The interest rate cuts in late 2024 and into 2025 have brought some relief to buyers. A drop of even half a percent on the prime lending rate translates into hundreds of rands saved on a monthly bond repayment. That has nudged some buyers who were waiting on the sidelines back into the market.
Buying for Investment
Cape Town has one of the strongest rental markets in the country. Demand from students, young professionals, corporate relocations, and international visitors keeps vacancy rates low in well-located areas. Gross rental yields for apartments in the CBD, Sea Point, and Century City typically fall between 7% and 10%, which is solid by South African standards.
Short-term rentals through platforms like Airbnb can push yields even higher, particularly during the summer months from November to March. A well-furnished two-bedroom apartment in Sea Point or the V&A Waterfront area can bring in R2,500 to R4,000 per night during peak season. Over a full year with a mix of short-term and medium-term lets, the total income can be significantly more than a standard long-term lease.
There is a catch, though. Some body corporates have banned or restricted short-term letting. The City of Cape Town has been tightening regulations around holiday rentals, and not every complex allows it. If short-term rental income is part of your plan, check the body corporate rules and the local zoning regulations before you buy.
What to Watch Out For
Levies can vary wildly between complexes. A small complex with 20 units and basic amenities might charge R1,500 per month. A large complex with a pool, gym, concierge, and extensive gardens could charge R4,000 or more. Ask for the last 12 months of levy statements and the body corporate’s annual financial report. If levies have been increasing by 15% or 20% per year, that is a warning sign.

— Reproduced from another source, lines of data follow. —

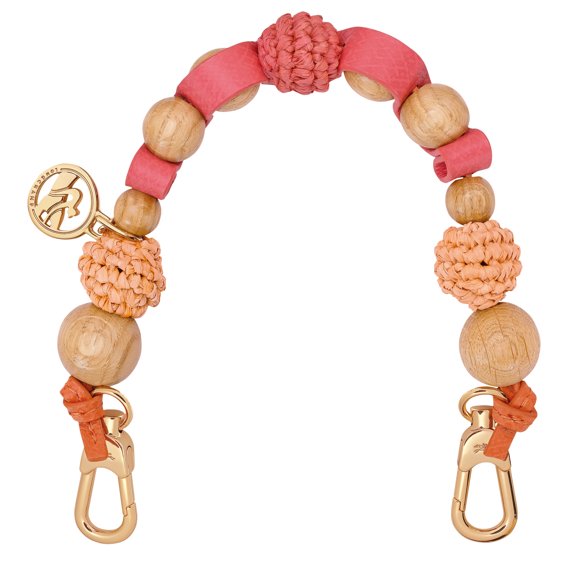 This removable shoulder strap channels coastal charm with its rainbow tones, wooden and raffia beads, and a wavy leather cord that recalls driftwood and ocean breezes.
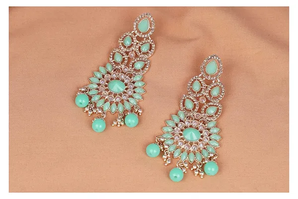 Light Green Gold T1 Floral And Polki St1 Fancy Bead Drop Earring
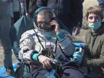 После приземления спускаемого аппарата с космонавтами, спасатели стали извлекать их из капсулы. На кадрах видно, что порядка десяти человек были задействованы в этой процедуре, все они были в медицинских масках и перчатках.
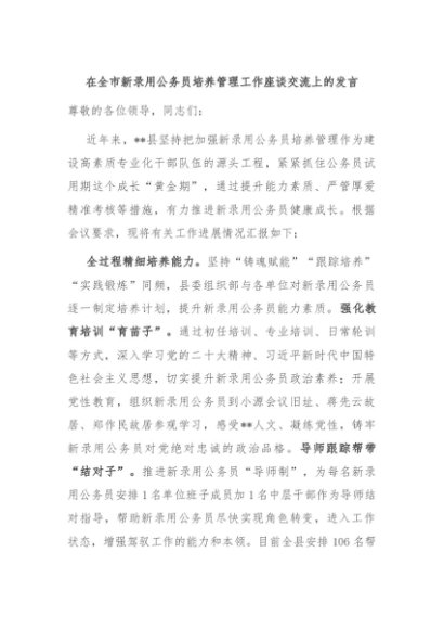 / 【七哥公文】2024年:在全市新录用公务员培养管理工作座谈交流上的发言+更多免费公文+VX:QiGeGongWen2024
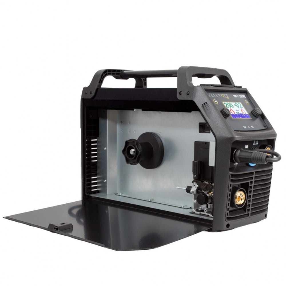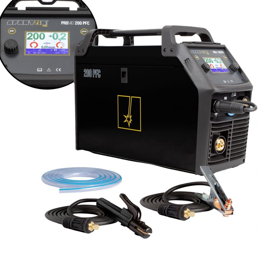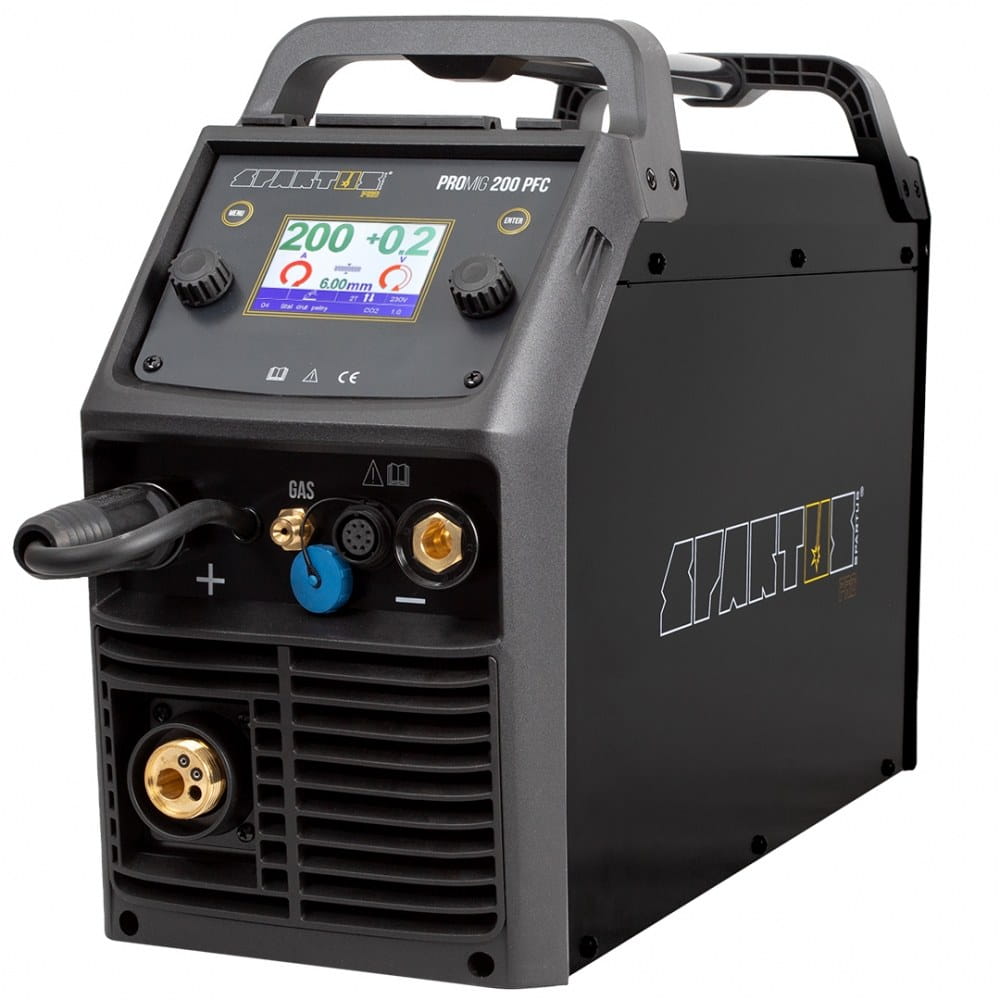 SPARTUS® ProMIG 200PFC to profesjonalny, przenośny, wieloprocesowy półautomat spawalniczy. Umożliwia spawanie metodami MIG/MAG, TIG Lift oraz MMA maksymalnym prądem spawania o natężeniu 200A.
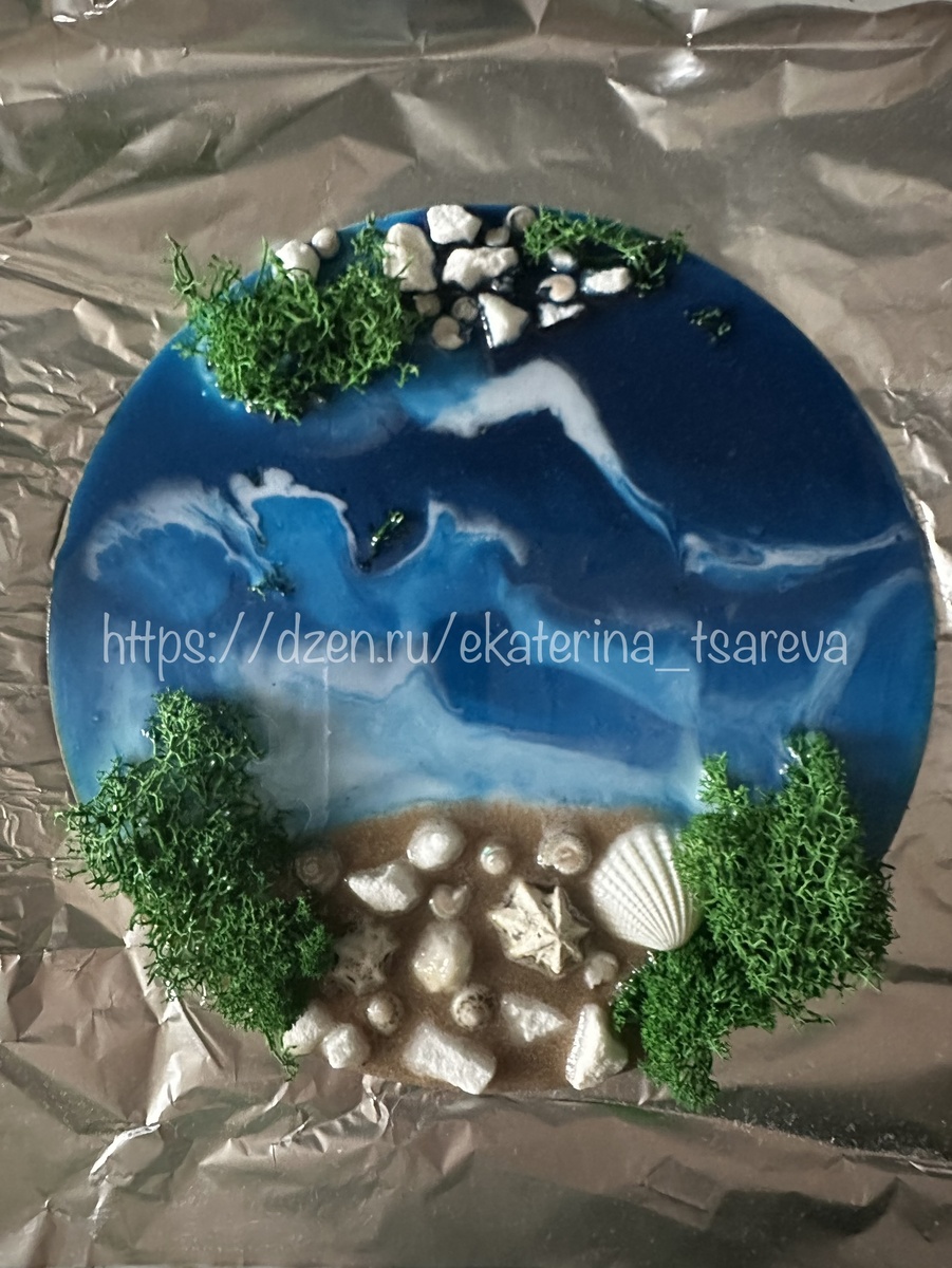 Материалы: эпоксидная смола, отвердитель, красители, песок, ракушки, камешки, стабилизированный мох, мерные стаканчики, палочки для размешивания, перчатки, маска, арт-борд, подставки.
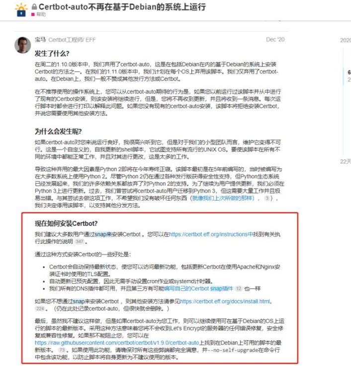 起因是官方从1.9.0版本在所有基于Debian或RHEL的系统上,certbot-auto开始弃用,原因是certbot-auto是基于python2编写的,python 2去年已经GG,certbot团队又懒得移植到python3(我胡说的),具体看下面官方解释
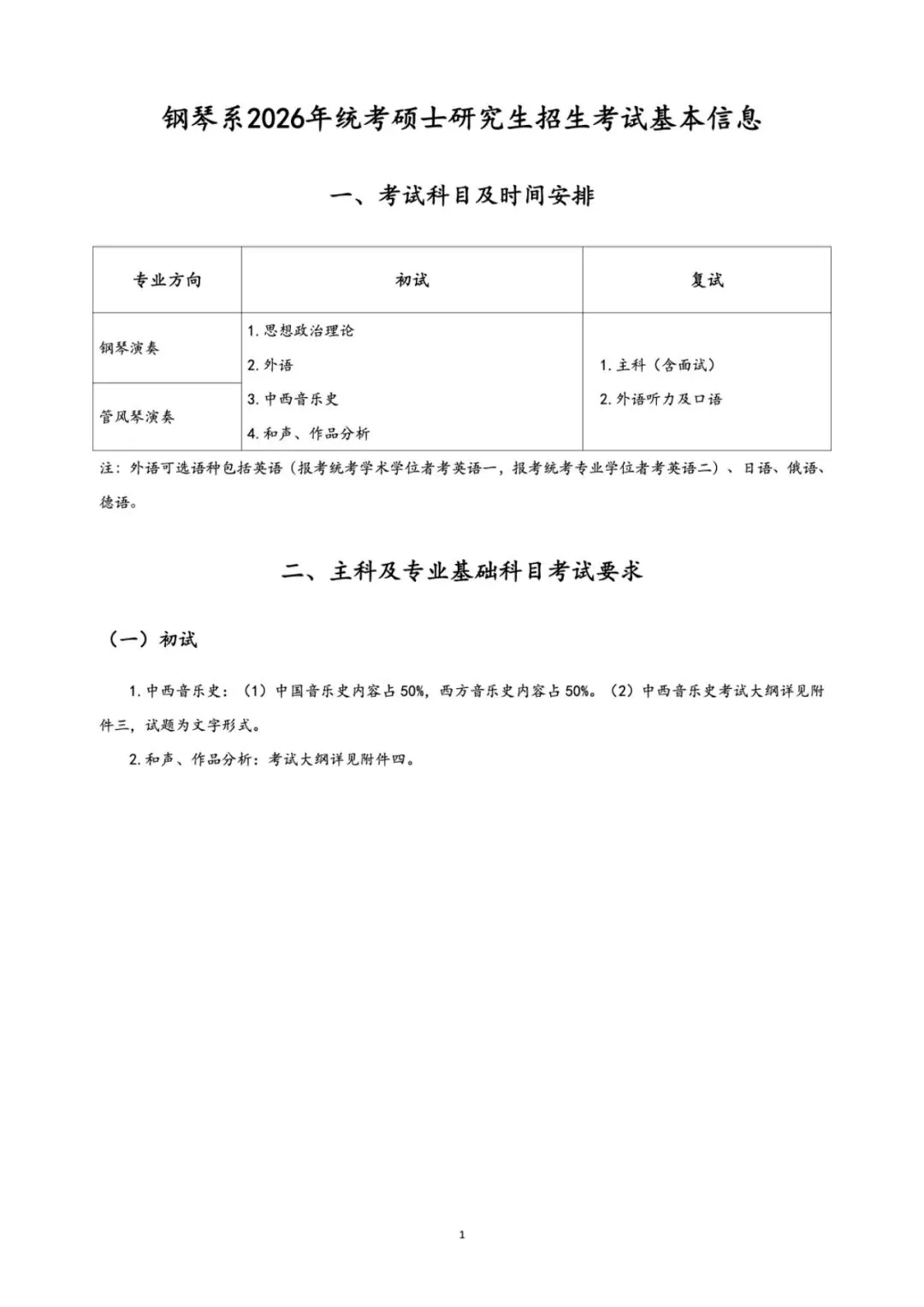 钢琴系2026年统考硕士研究生招生考试基本信息
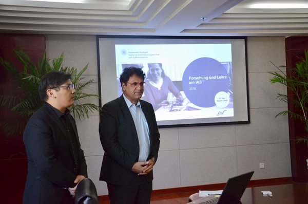 周大雙就德國斯圖加特大學自動化研究院研究方向和德國工業4.0應用性技術做介紹。他表示,研究院以增強研發能力、開展相關技術方面的人才培訓、為中小型企業提供咨詢和支持、吸引部分企業到合肥為主要目標,并希望將工業4.0生產系統孿生體和自主機器人物流運輸系統等模塊發展成熟并服務于地方企業。雅茲迪、茨姆曼、席勒和格斯林就工業4.0物聯網系統下個性化制造和模塊化制造、數字化產品研發和產線規劃、物流4.0自主訂單作業控制和智能群體等方面做詳細介紹。
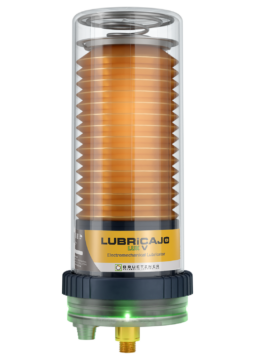 O LUBRICAJO V é tecnicamente impressionante graças ao seu acionamento eletromecânico com uma pressão de funcionamento até 25 bar (362 psi), o que permite alimentar vários pontos de lubrificação através de um distribuidor.
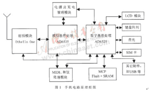 數字移動電話的電路由射頻與基帶兩大部分組成。其中射頻(RF)電路包括收發器、頻率合成器和功放等,基帶(Baseband)電路包括數字信息處理和控制器、存儲器、電源管理和其他外設部分。以ADI手機為例,其原理框圖如圖1所示。
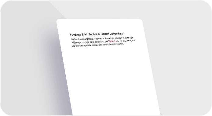 Findings Brief, Section 3: Indirect Competitors With indirect competitors, you want to demonstrate what they’re doing right with respect to your value proposition (see Figure 5-12). The negative aspects are less consequential because they are not direct competitors.
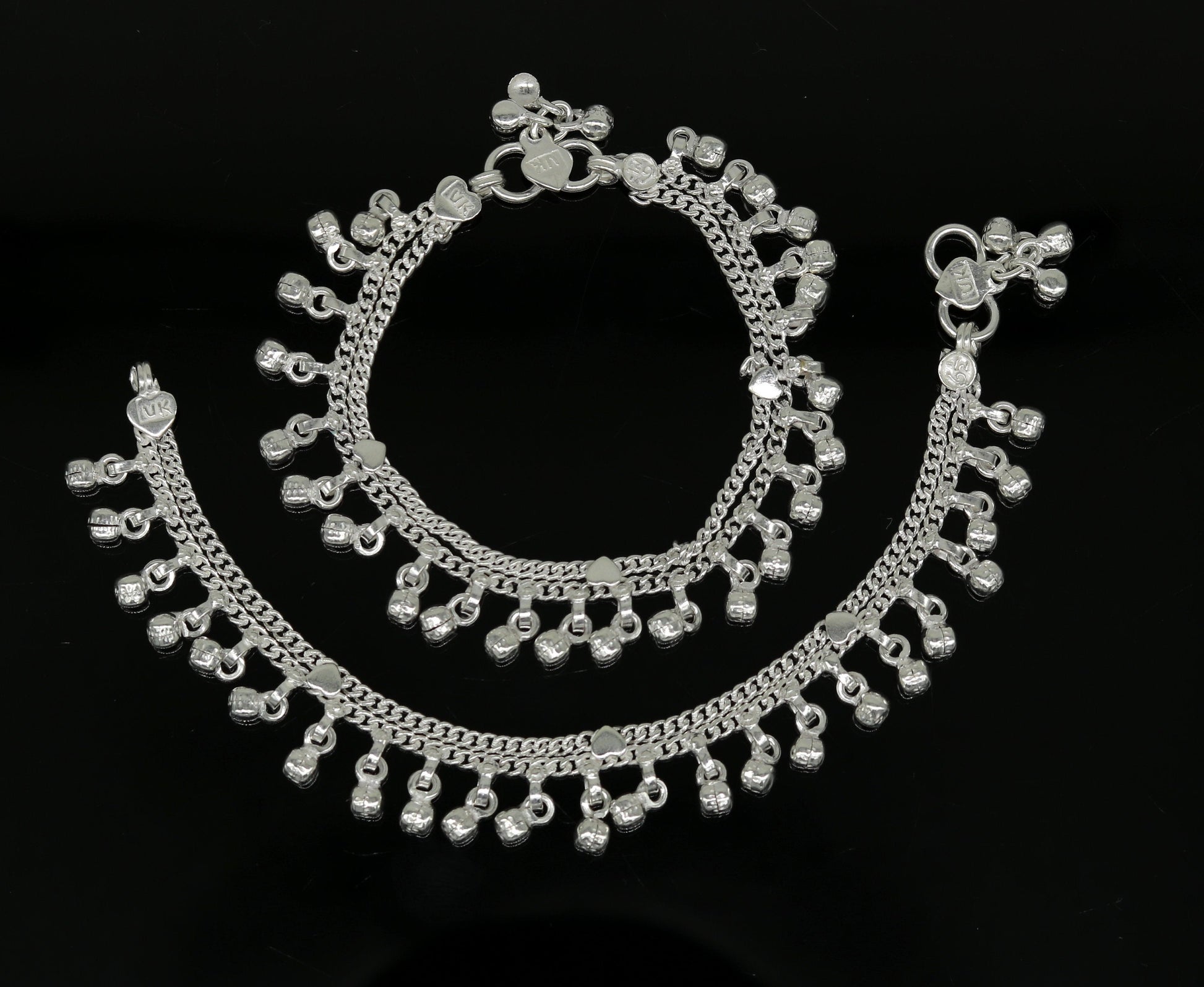 6.2" Sterling silver handmade baby anklet charm ankle bracelet, fabulous hanging noisy bells, excellent unisex baby foot bracelet ank238
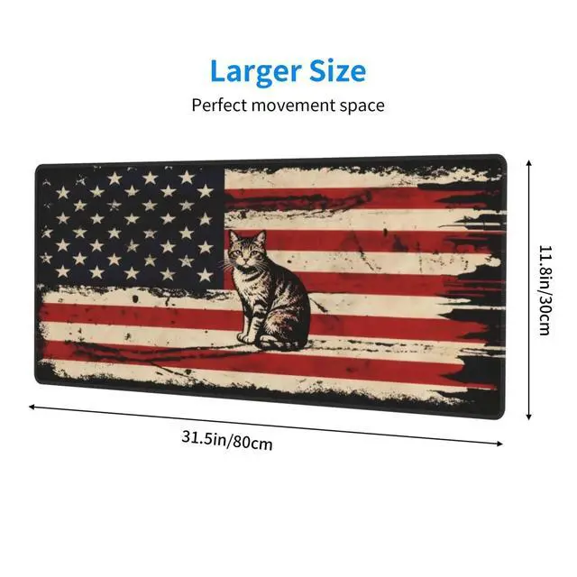 CANFLASHION American Flag Mouse Pad,Office Desk Mat 31.5"11.8",Large Gaming Mouse Pad with Cat Design, XL Extended Waterproof Desk Pad for Computer with Non-Slip Rubber Base300 * 800 * 3mm
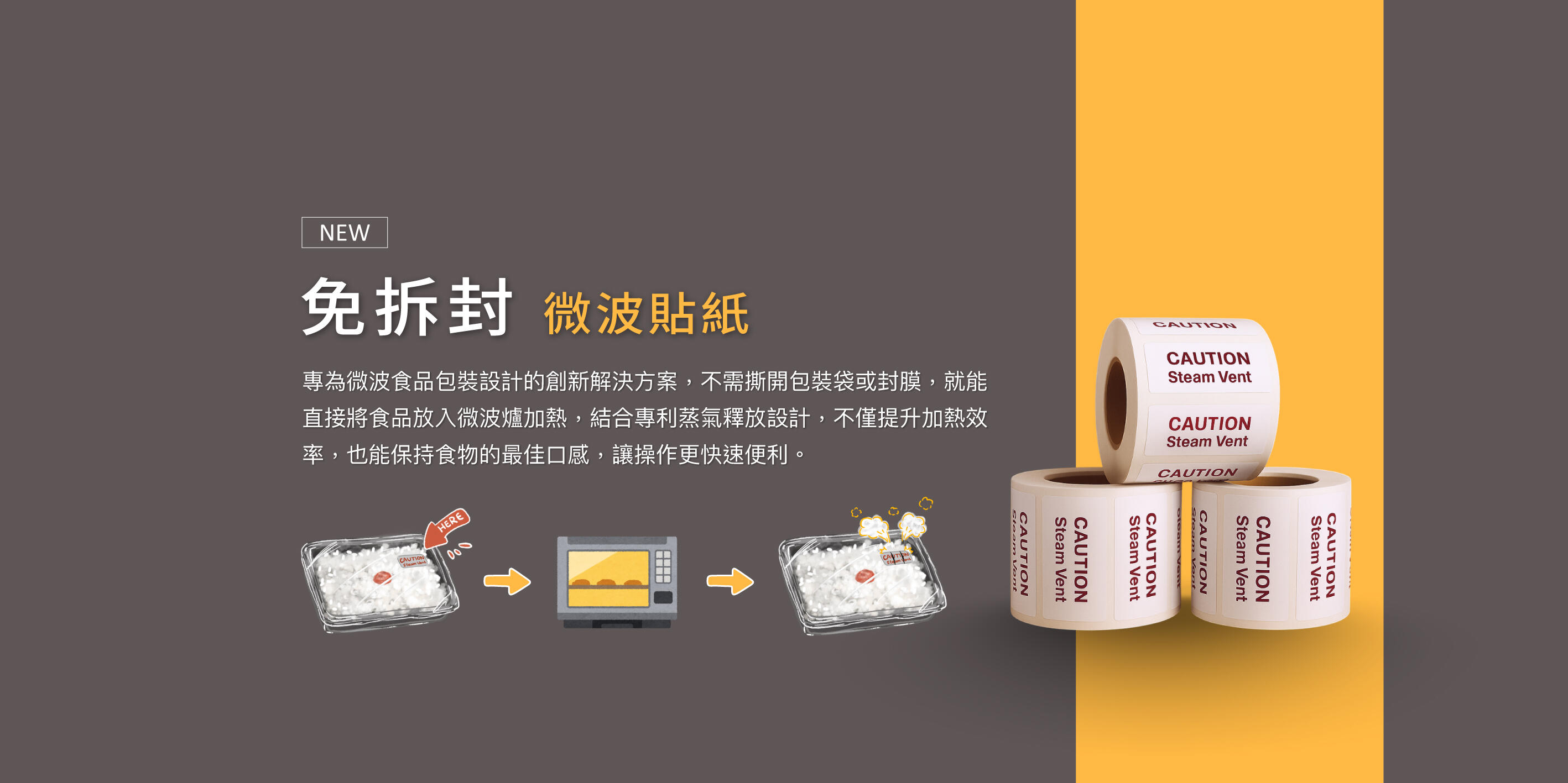 專為微波食品設計,無需拆封即可直接加熱,操作更快速便利,採用食品級耐熱材質與專利蒸氣釋放設計,可縮短加熱時間,適用於便利商店餐盒、外送餐飲、冷凍冷藏食品與中央廚房。

Water and electricity costs in Cape Town are not low. The city’s tiered tariff system means that usage above a certain threshold gets expensive fast. Many newer complexes have prepaid meters for each unit, which helps residents track and manage their consumption. Solar installations and rainwater harvesting systems are becoming more common in new builds, and these can bring running costs down over time.
Parking is another issue. In the CBD and older parts of Sea Point and Green Point, secure parking bays are in short supply. A unit without parking is harder to sell and harder to rent. If the apartment comes with a parking bay, confirm whether it is a dedicated bay or a shared one, and whether it is covered or open.
Load shedding has cooled off compared to previous years, but power stability remains a concern. Complexes with generator backup or solar-plus-battery systems have a clear advantage. Buyers are paying attention to this, and buildings with backup power sell faster and at a premium.
Cape Town’s property market is not going anywhere. The city keeps attracting new residents from other provinces and from overseas, the rental market is strong, and the limited supply of buildable land in desirable areas puts a natural floor under prices. For anyone looking to buy, the options are there. The smart move is doing the homework, asking the right questions, and picking a spot that fits both the budget and the lifestyle.